A recent Pew poll about the NSA surveillance program revealed overall public support–but the real story was the partisan numbers: Republicans who were less concerned about government overreach in 2006 have changed their minds in 2013, and some Democrats have gone the other direction. (See Adam Serwer’s take at MSNBC— 6/10/13.)
You can see this shift in the views of some pundits; Fox host Sean Hannity has essentially flipped his take on this entirely–what was fine during the Bush years is an outrage in the Obama era.
But he’s not the only one who’s shifted. Take Fox News host Bill O’Reilly. He has spent the past decade voicing basically unqualified support for the Bush-era terrorism policies, and has commended Obama for continuing or even expanding them (10/3/11).

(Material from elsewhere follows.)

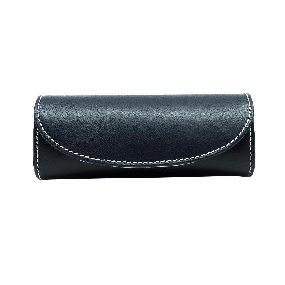 | 硬めの芯材に革を貼りつけたシンプルなグラスケース。 |

It was intriguing, then, to see how O’Reilly has come down on the current NSA controversy. On June 6, O’Reilly told viewers that the NSA program to build a database of phone records was being criticized by some liberals–and that he agreed:
Now Talking Points usually supports war on terror strategies but this one, a major intrusion on the privacy of all Americans. This one is dangerous to us.
The danger, to O’Reilly, seemed to be the idea that the government would use this information to attack its enemies:
So, for example, some conservative senator calls Trixie at the Hot Licks massage parlor, all right, guess who knows it? And guess who can put it out any time they want.

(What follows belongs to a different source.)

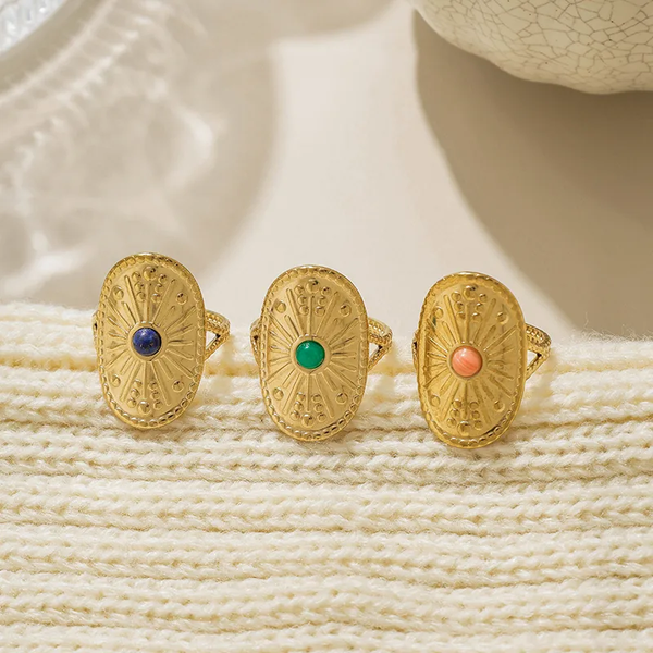 Découvre notre magnifique bague ovale dorée "Éclat Solaire", une pièce maîtresse qui allie élégance vintage et touche moderne ! ☀️ Inspirée par la lumière du soleil, son design unique met en valeur une pierre de couleur vibrante (bleue, verte ou corail) sertie en son cœur, apportant une touche de gaieté à toutes tes tenues.

The revelations around the NSA PRISM program–which involves storing of electronic communication like e-mail–were a real problem. O’Reilly (6/10/13) declared the program “clearly unconstitutional…. You have to have probable cause to violate the privacy of an American.” As he put it, “This PRISM program should be shut down immediately.” (To make matters more confusing, O’Reilly seemed to back away from his first reaction to the phone records–telling viewers that “in the name of national security that might be acceptable.”)

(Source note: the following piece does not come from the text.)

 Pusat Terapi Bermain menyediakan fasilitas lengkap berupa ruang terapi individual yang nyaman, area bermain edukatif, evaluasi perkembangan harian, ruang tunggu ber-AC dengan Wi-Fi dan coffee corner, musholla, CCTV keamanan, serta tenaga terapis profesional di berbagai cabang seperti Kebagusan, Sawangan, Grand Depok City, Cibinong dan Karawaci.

So what was he saying back in 2006, when very similar revelations about Bush’s NSA surveillance programs surfaced? Here’s what he had to say back then (5/11/06):
Just in time to embarrass Gen. Michael Hayden, a proposed new CIA chief, somebody leaked information about Hayden’s NSA collecting information about the phone calls of Americans.
Now, the NSA is not listening to or taping the calls. It is compiling data about who is being called and running it through computers to see if any terrorist link can be found.
Now, I have no problem with this personally. If the government was listening to my calls or secretly taping them, then I’d have a big problem. But simply trying to ascertain where the calls are going is no big deal to me.
I’m sure others disagree, because others disagree with just about every anti-terror method the USA uses, including coerced interrogation, military tribunals for terrorists who are charged, Guantanamo, the Patriot Act, no-fly list, on and on and on.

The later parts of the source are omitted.